Numbers beat the estimates
Revenue for the quarter was up 16 percent to $18.5 billion versus analyst’s estimates of $17.8 billion, backed by rising sales of its Office software. In total, for the fiscal first quarter, Microsoft reported 17 percent increase in profit to $5.2 billion, or 62 cents per share, up from $4.5 billion, or 53 cents per share, for the same quarter last year. This beat the Wall Street estimate of 54 cents.
However, the profit targets for Microsoft were lowered by the analysts over the past three months, distressed by the start of ambitious reorganization by retiring Chief Executive Steve Ballmer and the pricey acquisition of Nokia’s handset business, even the company’s market for core personal computer dropped.
For the second quarter company expects revenue of $23.1 billion to $24.1 billion, ahead of analysts’ average forecast of $22.9 billion.
Segment wise results
The company now has two main groups, one covering its devices and consumer business, and other commercial business.
The commercial side had a strong growth in the quarter posting a 10 percent increase in revenue mainly due to selling of office and server software to businesses.

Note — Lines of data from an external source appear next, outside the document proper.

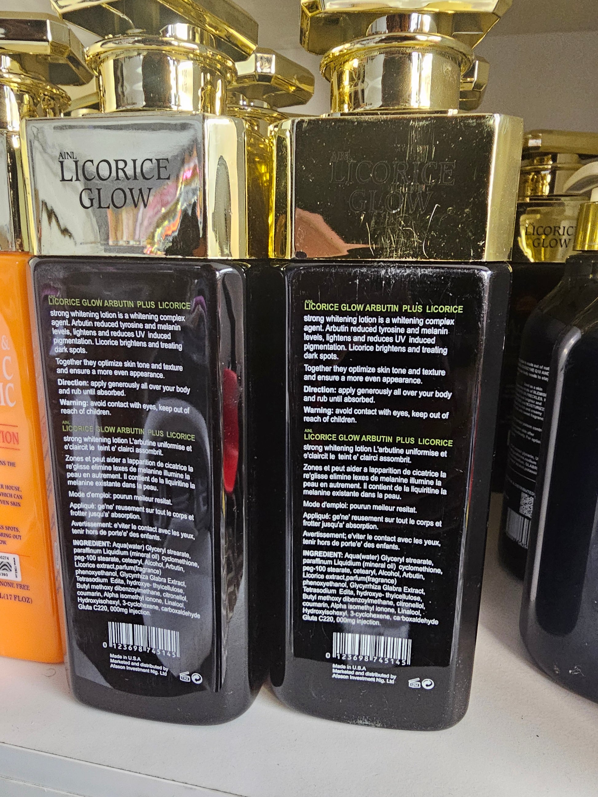 Experience luminous and radiant skin with Licorice Glow 24k Gold Lotion. Infused with licorice and 24k gold, this super whitening body milk deeply nourishes and hydrates for a brighter, more even complexion. Revel in the luxurious, glowing results of this powerful formula.
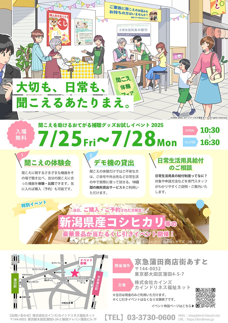 開催期間は2025年7月25日(金)〜28日(月)の4日間、会場は東京都大田区蒲田の『京急蒲田あすと商店街』です。集音器をはじめとする福祉機器を手に取り、無料で体験できるイベントは都内でも珍しく、当日はその場での購入のほか、日常生活用具給付申請の相談や見積もりも可能です。
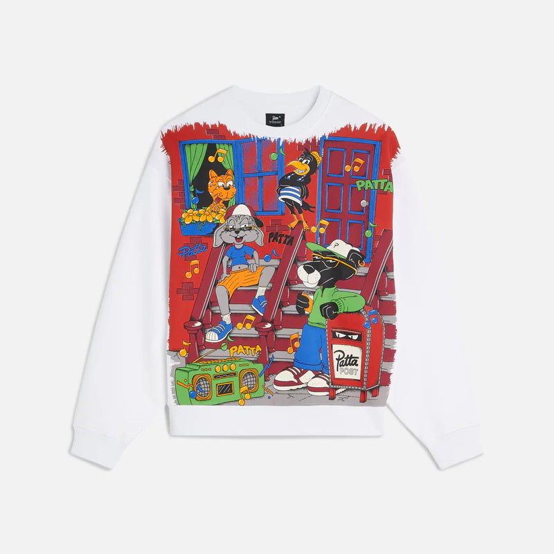 PATTA BLOCK PARTY CREWNECK SWEATER - LIGHT GREY MELANGE / WHITE
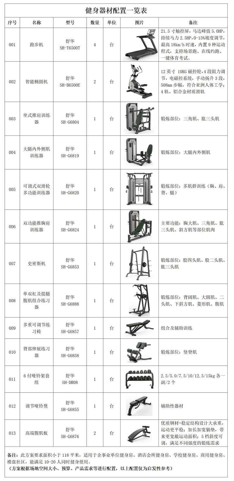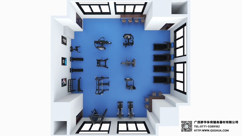 此方案要求面積小于118平米,適用于企事業(yè)單位健身房、酒店會(huì)所健身房、樓盤(pán)社區(qū)健身房,能滿足20-30人同時(shí)健身使用。(方案根據(jù)場(chǎng)地空間大小、預(yù)算、產(chǎn)品需求等進(jìn)行配置僅為啟發(fā)性參考)
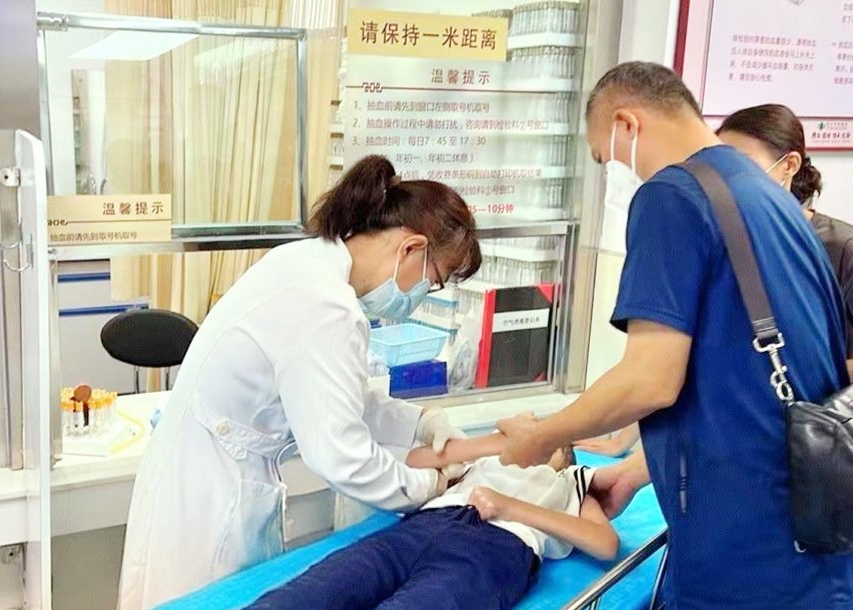 面对肌张力高、关节活动受限的小患儿,一次普通的采血也需要特别的呵护。抽血窗口的护士来到患儿身旁,俯身熟练完成采血,并柔声安慰,缓解了孩子的恐惧。
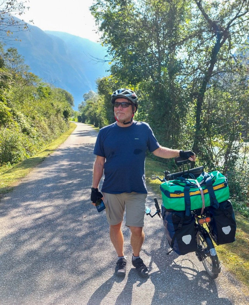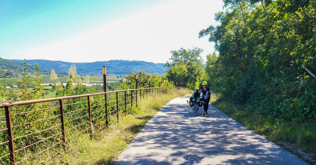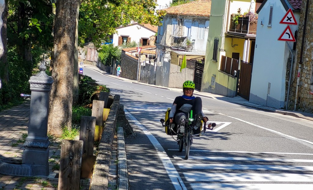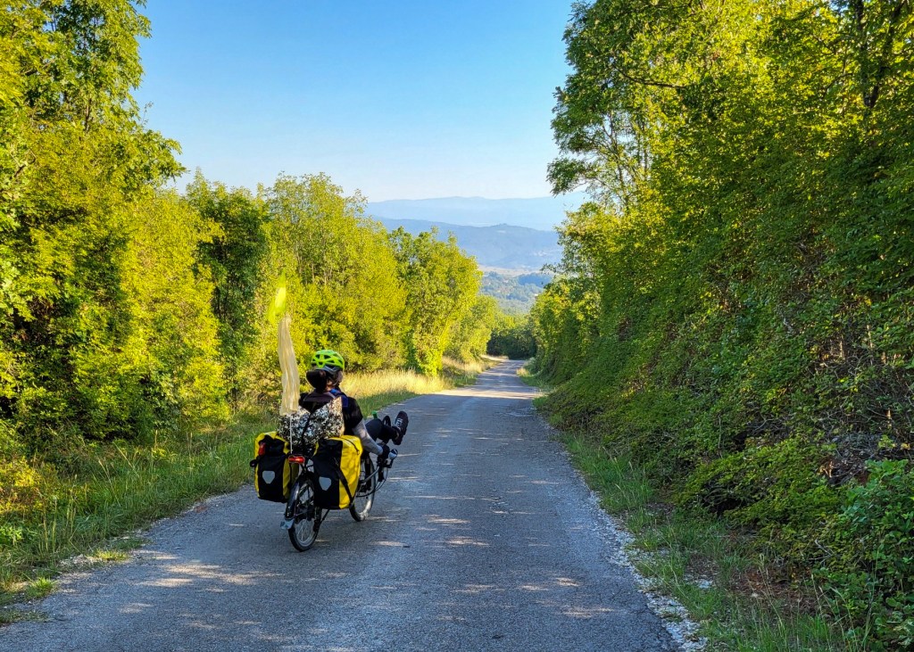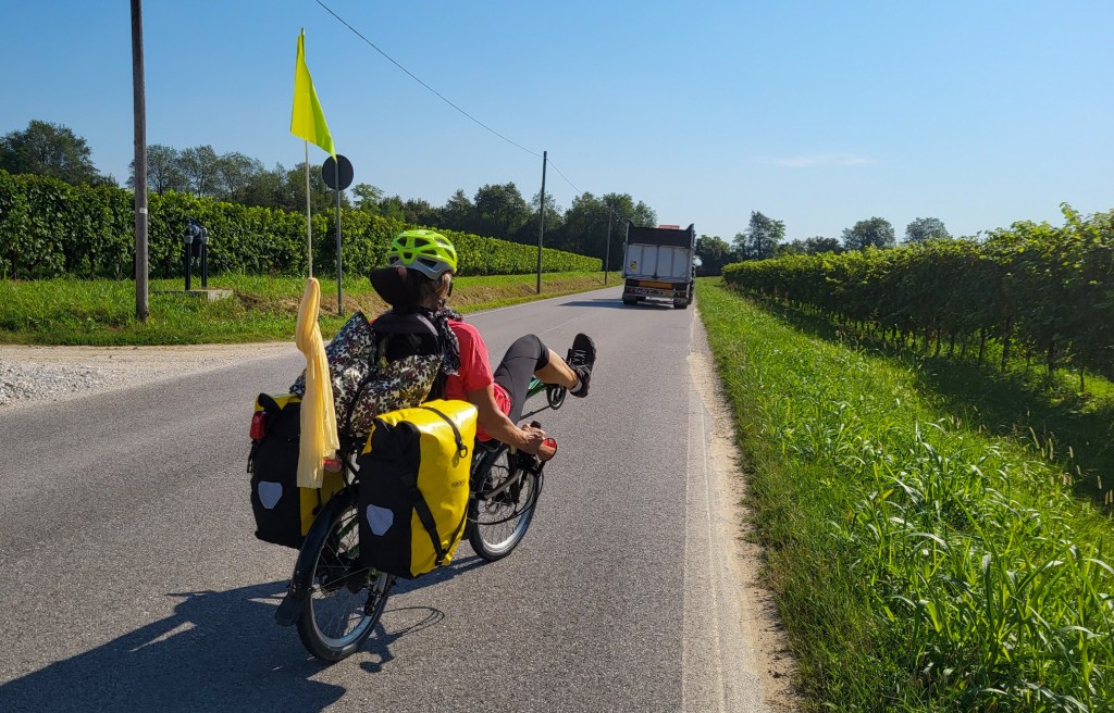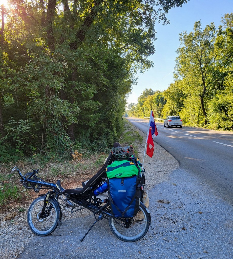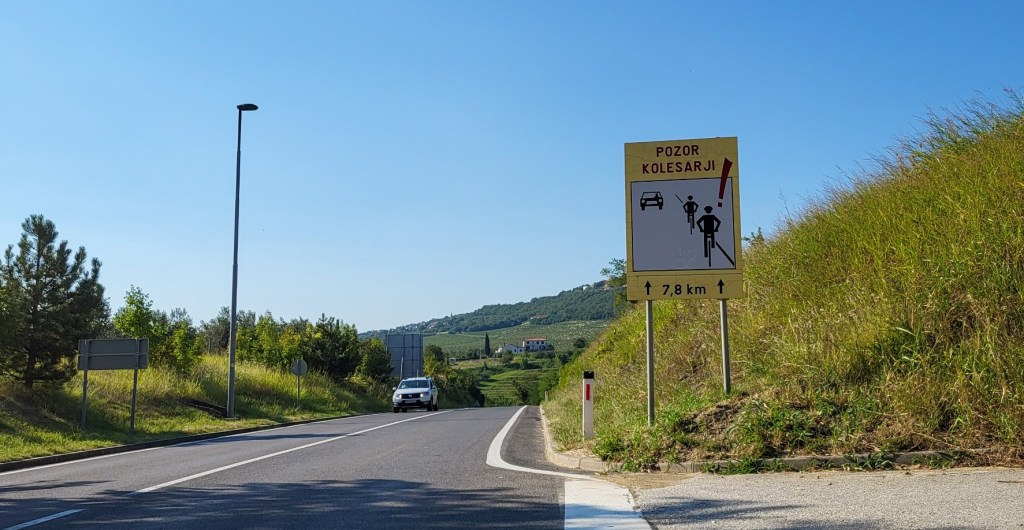 Upps, da mussten wir uns nun mal die Optionen überlegen. Am besten wäre es sicher die Räder zusammenzuklappen, aber was wenn sie als „zu gross“taxiert werden. Wir könnten auch den ganzen Weg der letzten Etappe zurückfahren und die Fähre nach Brestova nehmen und unseren gebuchten Taxi nach Triest dorthin bestellen. oder… oder …. oder…
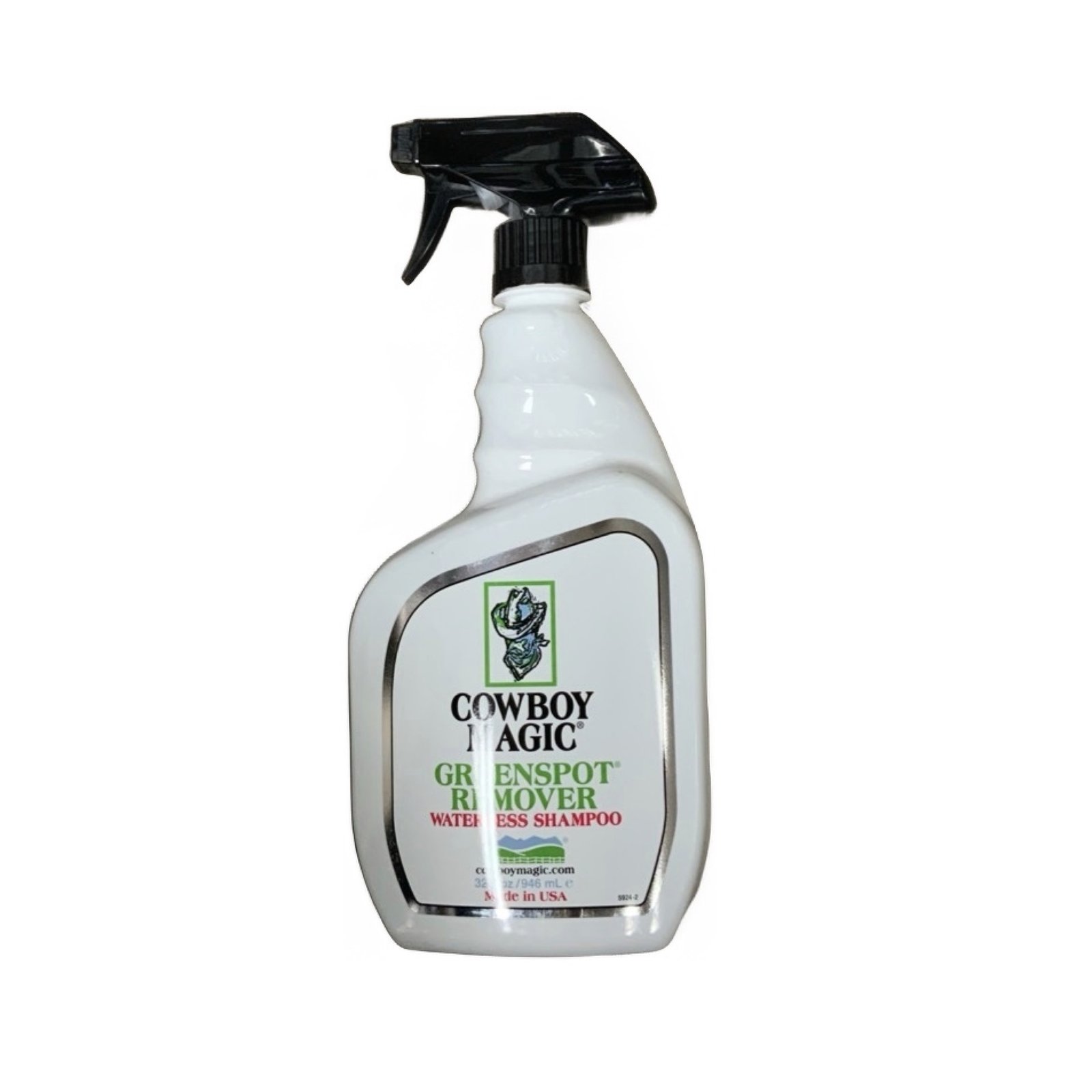 Keep your horse looking show-ready with Cowboy Magic Greenspot Remover, a convenient waterless shampoo designed to remove manure, urine, dirt, and sweat stains instantly. Simply spray it on the affected area, massage it in, and wipe clean with a damp towel—no rinsing required. The gentle formula helps cleanse and deodorize while conditioning the coat with ingredients such as witch hazel, honey, glycerin, silk, and panthenol, leaving hair soft and refreshed with a healthy shine. Ideal for quick touch-ups at the barn, shows, or during cold weather when bathing isn’t practical, this “shower in a bottle” is a staple grooming solution for horses and other animals.

The revenue of consumer and hardware group gave a moderate increase of 4 percent, which was held back by poor sales of windows system.
PC sales may stabilize
According to industry research firm Gartner, PC shipments dropped 8.6 percent in the previous quarter, indicating a trend towards tablet benefiting Apple Inc and Google Inc, but disappointing traditional PC makers like Microsoft and Intel Corp.
PC sales are on the decrease from the last 18 months, moreover, Microsoft Chief Financial Officer Amy Hood told on Thursday that there are ”signs of stabilization”.
Sales of Windows software to PC makers like Hewlett-Packard Co, Lenovo Group and Dell Inc, dropped by 7 percent in the quarter.
Microsoft told that the sale of its Surface tablet surge to $400 million due to more interest in smaller and largely discounted Surface RT model.
Microsoft shares increased to $35.60 after in hours of trading, after closing at $33.72 on NASDAQ, prior to the announcement of profit figures. The shares were up 21 percent over last 12 months, in comparison to a 24 percent gain o of Standard & Poor’s 500.